PROBLEM DESCRIPTION:
Return the whole listing, line for line, without the pictures in it.

▼

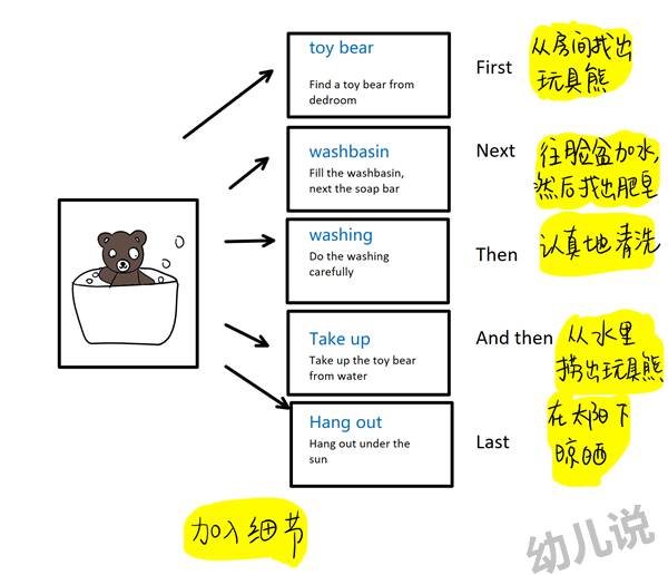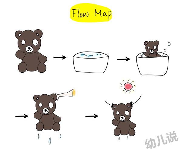 接着,老师让孩子们画流程图(Flow Map),Flow Map是美国学校鼓励孩子从小就要掌握的一种思考方式。(下图是幼儿说为示例所画)
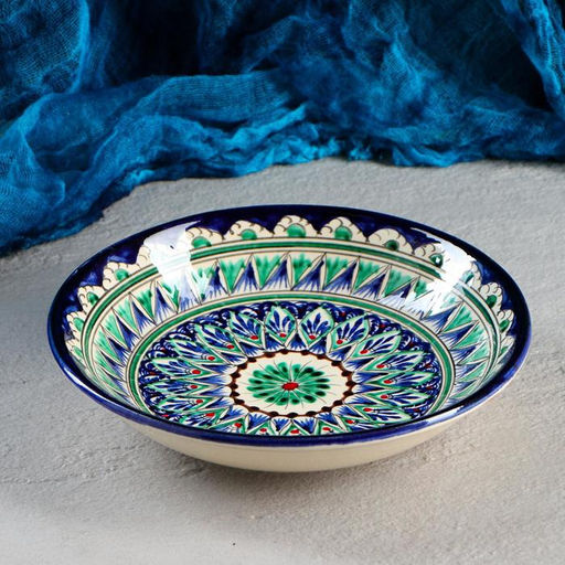 Посуда с национальной росписью станет отменным подарком для ценителей высокородной посуды.Риштан — город на востоке Узбекистана, один из древнейших в Ферганской долине. С давних времён Риштан славится своим гончарным искусством изготовления цветной керамики. Красноватую глину для изделия добывают в самом городе. Мастера утверждают, что их глина настолько высокого качества, что даже не нуждается в предварительной обработке. Дополните коллекцию кухонных аксессуаров пряными восточными нотами.Все товары производства Узбекистан. Набор: Нет. Форма: Круглая. Диаметр, см: 20. Объём, мл: 500. Тематика: Узоры. Рисунок: Да. Вид тарелки: Глубокая. Можно мыть в посудомоечной машине: Нет. Можно использовать в СВЧ-печи: Да. Текстура: Гладкая. Особенности: Без особенностей. Для горячего: Да. Бесплатная доставка: Да. Примечание: Ручная работа, рисунок может отличаться от фото. Примечание: Изделие нельзя мыть в посудомоечной машине. Примечание: Выбор конкретных цветов и моделей не предоставляется. На фотографиях могут быть представлены не все варианты..
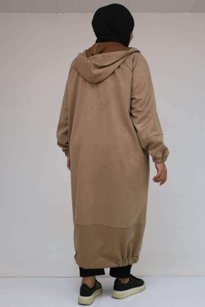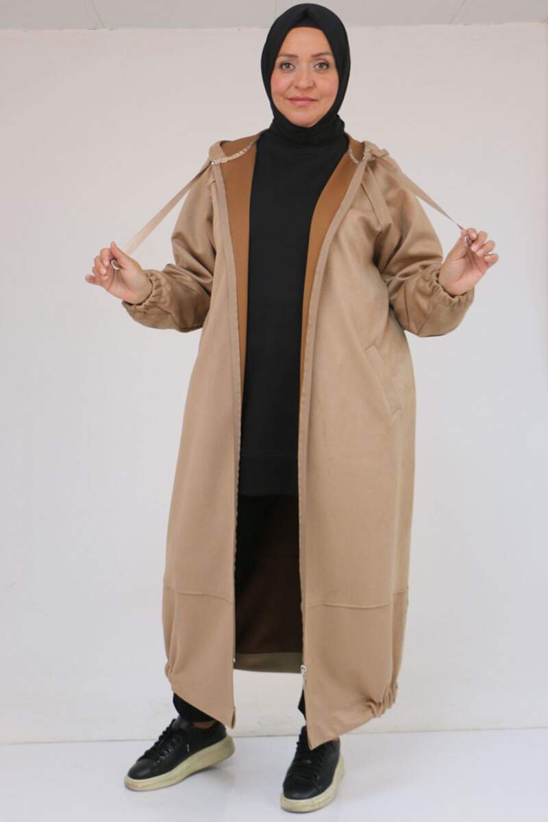 43078 Büyük Beden Kolları Lastikli Pat Detaylı Nubuk Kap - Vizon
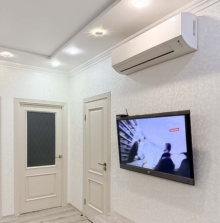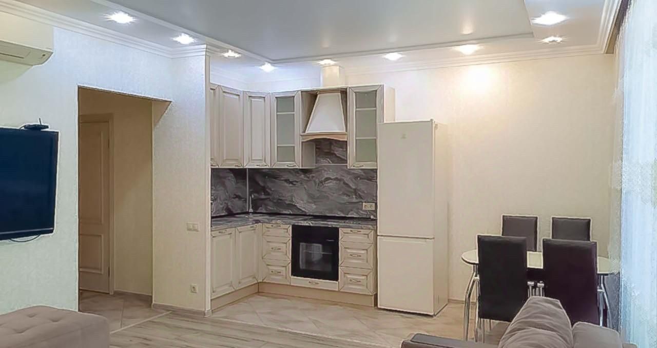 В квартире сделан качественный евроремонт, на кухне и в комнате есть вся необходимая мебель. Из техники установлены кондиционер, холодильник, посудомоечная машина, телевизор и стиральная машина — всё для вашего комфорта. Планировка включает один совмещённый и один отдельный санузел, в ванной комнате установлена душевая кабина. Окна выходят на улицу, а значит, в квартире всегда будет достаточно света и свежего воздуха.
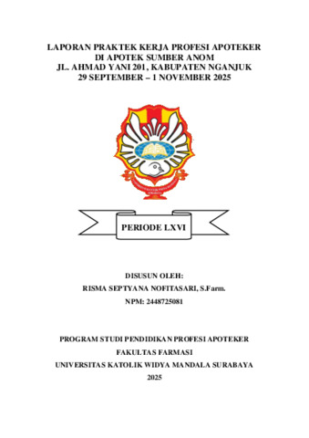 Nofitasari, Risma Septyana (2025) Laporan praktik kerja profesi apoteker di Apotek Sumber Anom Jl. Ahmad Yani 201, Kabupaten Nganjuk 29 September–01 November 2025. Project Report (PKL, PKIPP, Magang D3, Praktik Kerja Profesi Apoteker, Profesi Guru, Profesi Ners dan Profesi Insiyur). Faculty of Pharmacy, Surabaya. (Submitted)
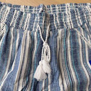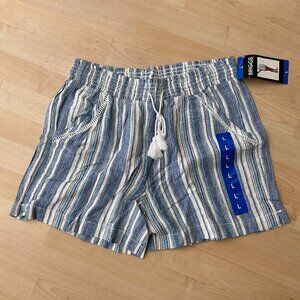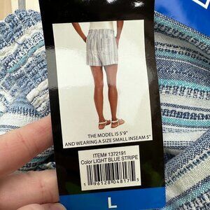 Briggs Linen Blend Pull On Striped Shorts Pockets White Blue Size Large
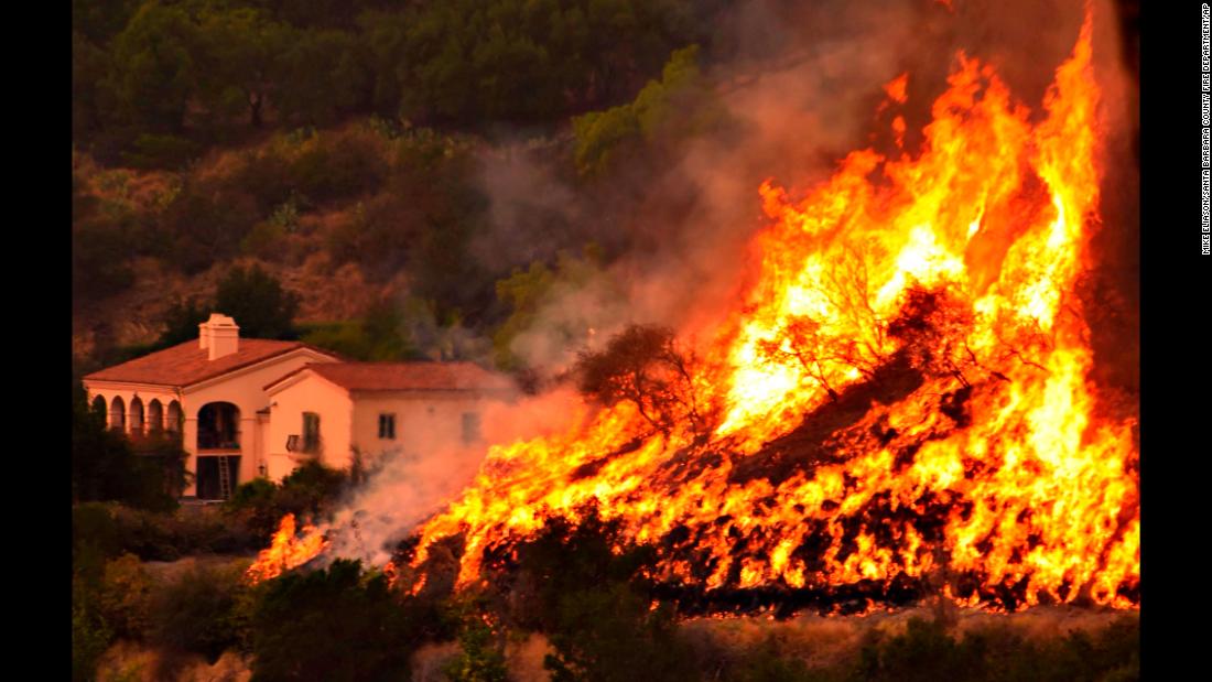 In this Thursday, Dec. 14, 2017, photo provided by the Santa Barbara County Fire Department, flames from a back firing operation underway rise behind a home off Ladera Lane near Bella Vista Drive in Santa Barbara, Calif. Red Flag warnings for the critical combination of low humidity and strong winds expired for a swath of Southern California at midmorning but a new warning was scheduled to go into effect Saturday in the fire area due to the predicted return of winds. The so-called Thomas Fire, the fourth-largest in California history, was 35 percent contained after sweeping across more than 394 square miles (1,020 sq. kilometers) of Ventura and Santa Barbara counties since it erupted Dec. 4 a few miles from Thomas Aquinas College. (Mike Eliason/Santa Barbara County Fire Department via AP)
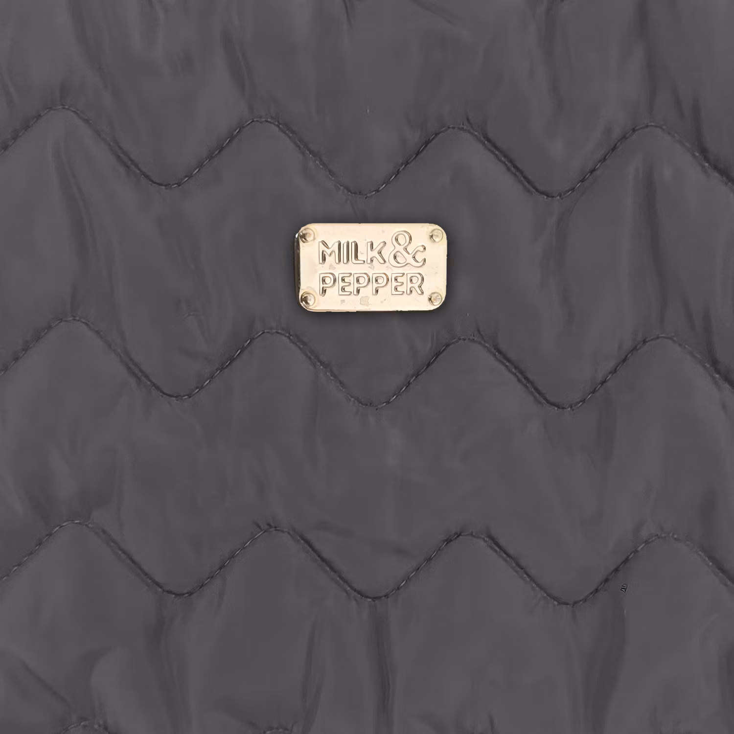 - Liten gyllene metall "Milk&Pepper" tallrik ovanpå baksidan
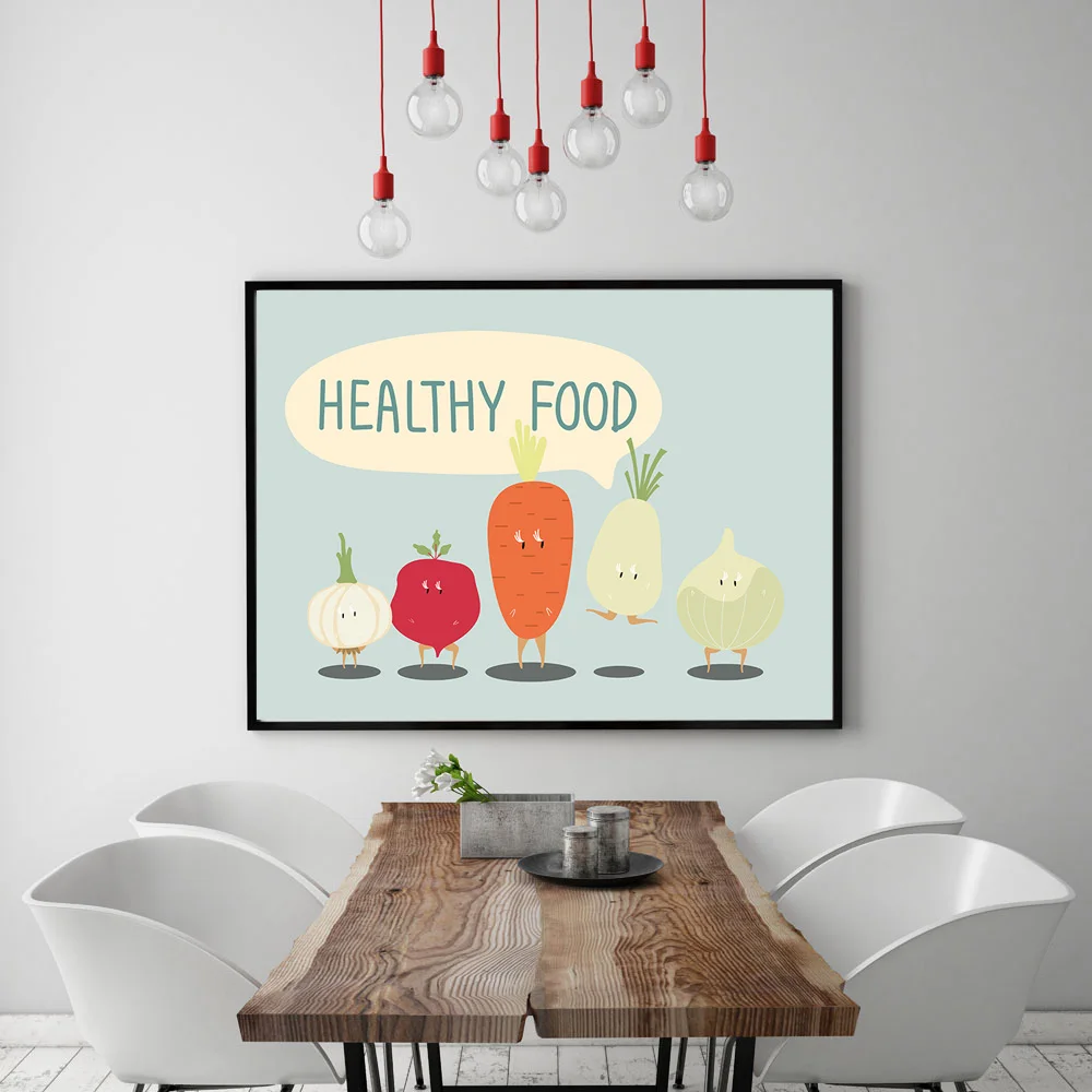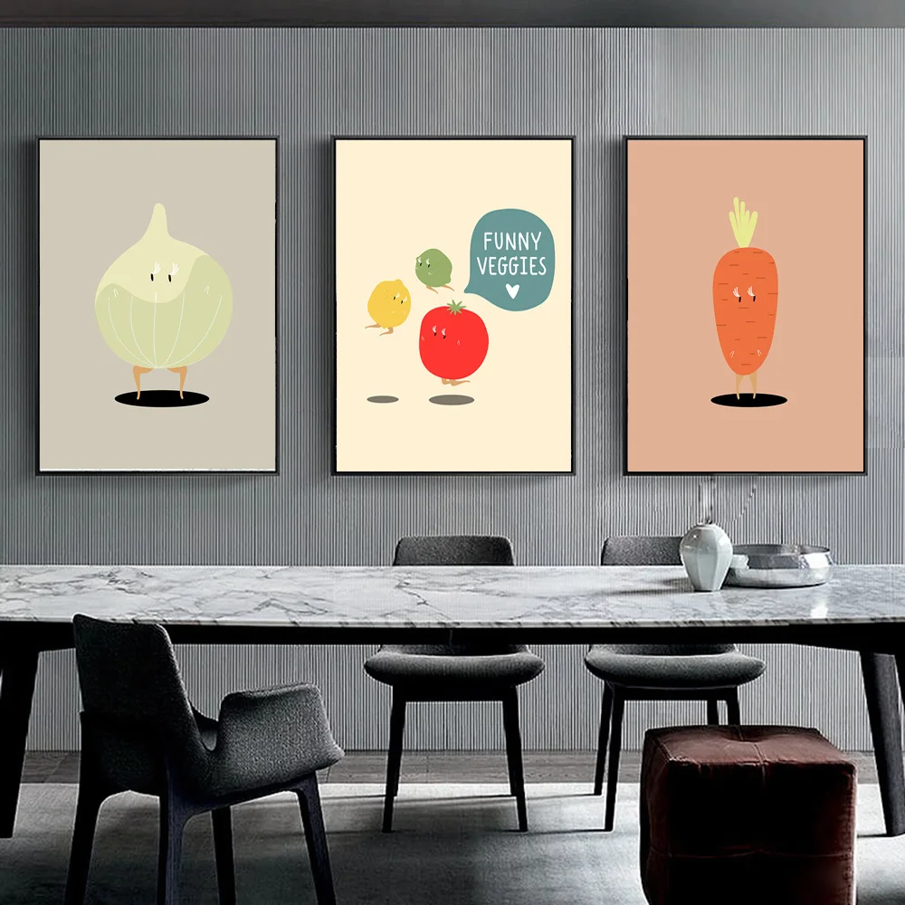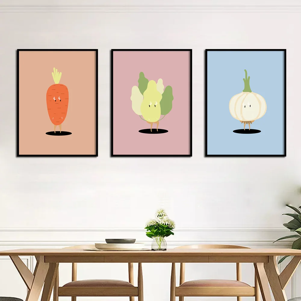 Мультяшные Овощи здоровая еда баклажаны морковка скандинавские плакаты и принты Настенная картина на холсте настенные картины декор для кухни
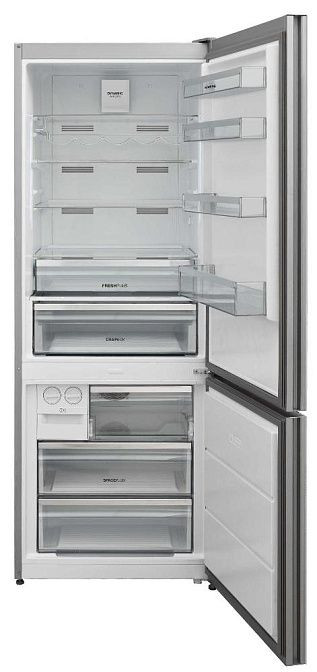 Современный двухкамерный агрегат с морозильной камерой внизу объединяет практичный дизайн и технологии для комфортного хранения продуктов. Элегантный фронт из стекла и белый металлический корпус смотрятся стильно в интерьерe в стиле Hi-Tech, скрытые ручки подчеркивают минимализм, а встроенный дисплей и сенсорное электронное управление расположены внутри камеры для удобного доступа и аккуратного внешнего вида. Просторная холодильная часть объемом 333 литра оснащена стеклянными полками, регулируемыми направляющими и большим ящиком XXL Space box, что обеспечивает грамотную организацию пространства; зона свежести с возможностью регулировки влажности и температуры представлена универсальной секцией, подходящей для овощей, фруктов или деликатных продуктов. Морозильный блок полезным объемом 128 литров работает по системе Full No Frost, поддерживая сухую и эффективную заморозку без образования льда и инея, а функция суперзаморозки быстро фиксирует свежесть и структуру продуктов при интенсивной загрузке.
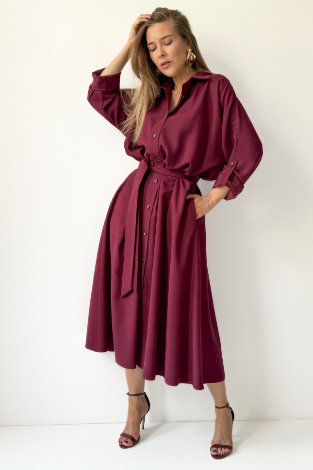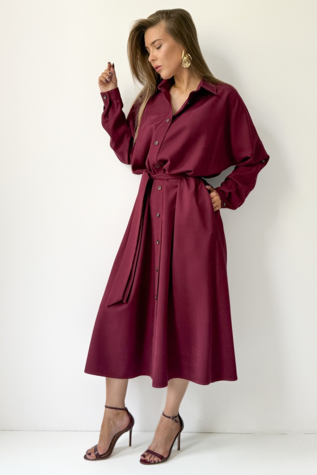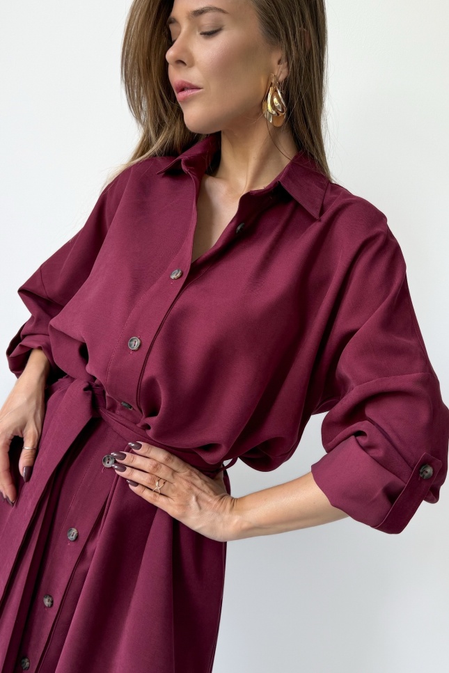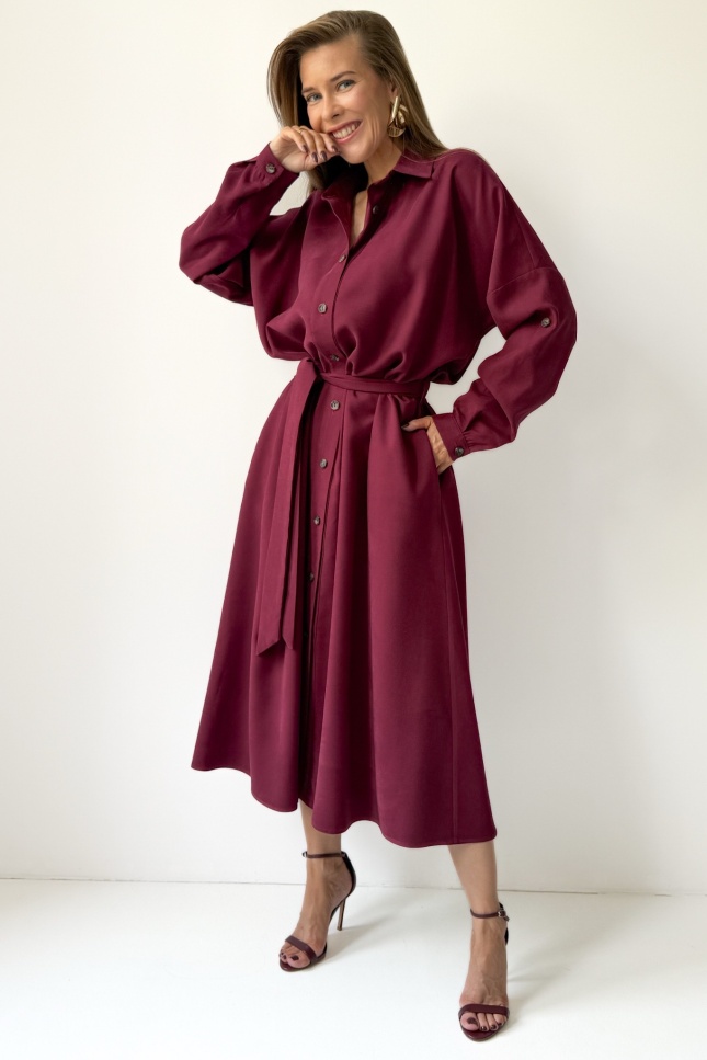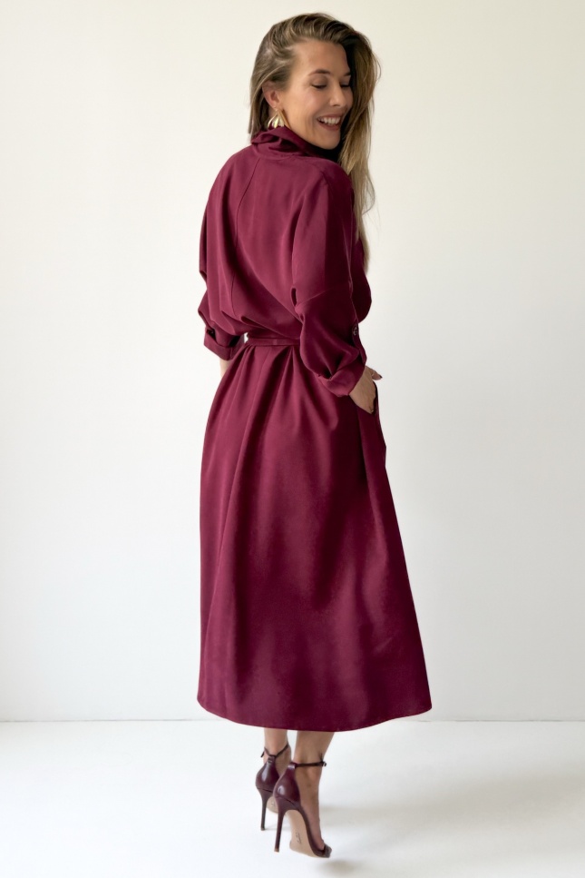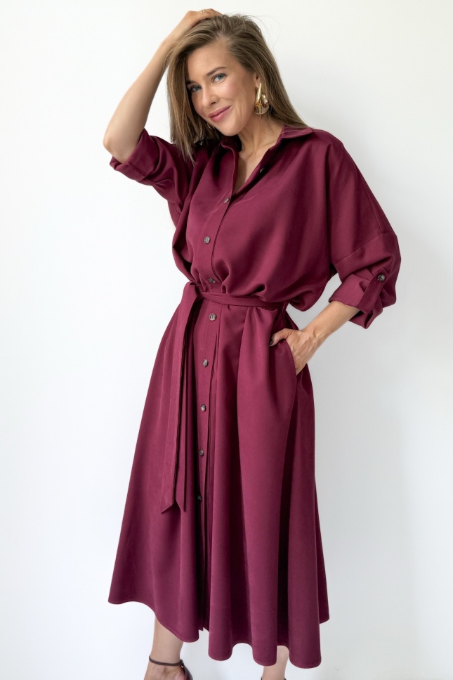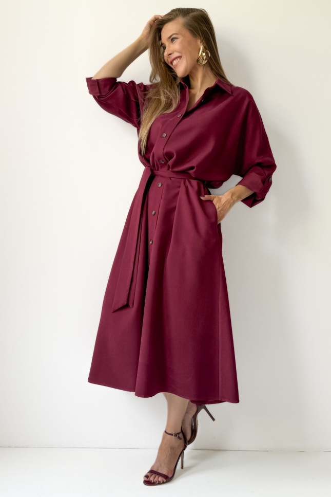 The flared, loose fit ensures freedom of movement, while the belt loops and waistband subtly emphasize the figure. The dress is buttoned all the way down, finished with an elegant collar and cuffs with the option of rolling up the sleeves, maintaining its timeless character. Hidden pockets on the side add a practical dimension – thanks to them, “Elise” is as comfortable as it is stylish.

▲

EXERCISE OUTPUT:
 接着,老师让孩子们画流程图(Flow Map),Flow Map是美国学校鼓励孩子从小就要掌握的一种思考方式。(下图是幼儿说为示例所画)
 Посуда с национальной росписью станет отменным подарком для ценителей высокородной посуды.Риштан — город на востоке Узбекистана, один из древнейших в Ферганской долине. С давних времён Риштан славится своим гончарным искусством изготовления цветной керамики. Красноватую глину для изделия добывают в самом городе. Мастера утверждают, что их глина настолько высокого качества, что даже не нуждается в предварительной обработке. Дополните коллекцию кухонных аксессуаров пряными восточными нотами.Все товары производства Узбекистан. Набор: Нет. Форма: Круглая. Диаметр, см: 20. Объём, мл: 500. Тематика: Узоры. Рисунок: Да. Вид тарелки: Глубокая. Можно мыть в посудомоечной машине: Нет. Можно использовать в СВЧ-печи: Да. Текстура: Гладкая. Особенности: Без особенностей. Для горячего: Да. Бесплатная доставка: Да. Примечание: Ручная работа, рисунок может отличаться от фото. Примечание: Изделие нельзя мыть в посудомоечной машине. Примечание: Выбор конкретных цветов и моделей не предоставляется. На фотографиях могут быть представлены не все варианты..
 43078 Büyük Beden Kolları Lastikli Pat Detaylı Nubuk Kap - Vizon
 В квартире сделан качественный евроремонт, на кухне и в комнате есть вся необходимая мебель. Из техники установлены кондиционер, холодильник, посудомоечная машина, телевизор и стиральная машина — всё для вашего комфорта. Планировка включает один совмещённый и один отдельный санузел, в ванной комнате установлена душевая кабина. Окна выходят на улицу, а значит, в квартире всегда будет достаточно света и свежего воздуха.
 Nofitasari, Risma Septyana (2025) Laporan praktik kerja profesi apoteker di Apotek Sumber Anom Jl. Ahmad Yani 201, Kabupaten Nganjuk 29 September–01 November 2025. Project Report (PKL, PKIPP, Magang D3, Praktik Kerja Profesi Apoteker, Profesi Guru, Profesi Ners dan Profesi Insiyur). Faculty of Pharmacy, Surabaya. (Submitted)
 Briggs Linen Blend Pull On Striped Shorts Pockets White Blue Size Large
 In this Thursday, Dec. 14, 2017, photo provided by the Santa Barbara County Fire Department, flames from a back firing operation underway rise behind a home off Ladera Lane near Bella Vista Drive in Santa Barbara, Calif. Red Flag warnings for the critical combination of low humidity and strong winds expired for a swath of Southern California at midmorning but a new warning was scheduled to go into effect Saturday in the fire area due to the predicted return of winds. The so-called Thomas Fire, the fourth-largest in California history, was 35 percent contained after sweeping across more than 394 square miles (1,020 sq. kilometers) of Ventura and Santa Barbara counties since it erupted Dec. 4 a few miles from Thomas Aquinas College. (Mike Eliason/Santa Barbara County Fire Department via AP)
 - Liten gyllene metall "Milk&Pepper" tallrik ovanpå baksidan
 Мультяшные Овощи здоровая еда баклажаны морковка скандинавские плакаты и принты Настенная картина на холсте настенные картины декор для кухни
 Современный двухкамерный агрегат с морозильной камерой внизу объединяет практичный дизайн и технологии для комфортного хранения продуктов. Элегантный фронт из стекла и белый металлический корпус смотрятся стильно в интерьерe в стиле Hi-Tech, скрытые ручки подчеркивают минимализм, а встроенный дисплей и сенсорное электронное управление расположены внутри камеры для удобного доступа и аккуратного внешнего вида. Просторная холодильная часть объемом 333 литра оснащена стеклянными полками, регулируемыми направляющими и большим ящиком XXL Space box, что обеспечивает грамотную организацию пространства; зона свежести с возможностью регулировки влажности и температуры представлена универсальной секцией, подходящей для овощей, фруктов или деликатных продуктов. Морозильный блок полезным объемом 128 литров работает по системе Full No Frost, поддерживая сухую и эффективную заморозку без образования льда и инея, а функция суперзаморозки быстро фиксирует свежесть и структуру продуктов при интенсивной загрузке.
 The flared, loose fit ensures freedom of movement, while the belt loops and waistband subtly emphasize the figure. The dress is buttoned all the way down, finished with an elegant collar and cuffs with the option of rolling up the sleeves, maintaining its timeless character. Hidden pockets on the side add a practical dimension – thanks to them, “Elise” is as comfortable as it is stylish.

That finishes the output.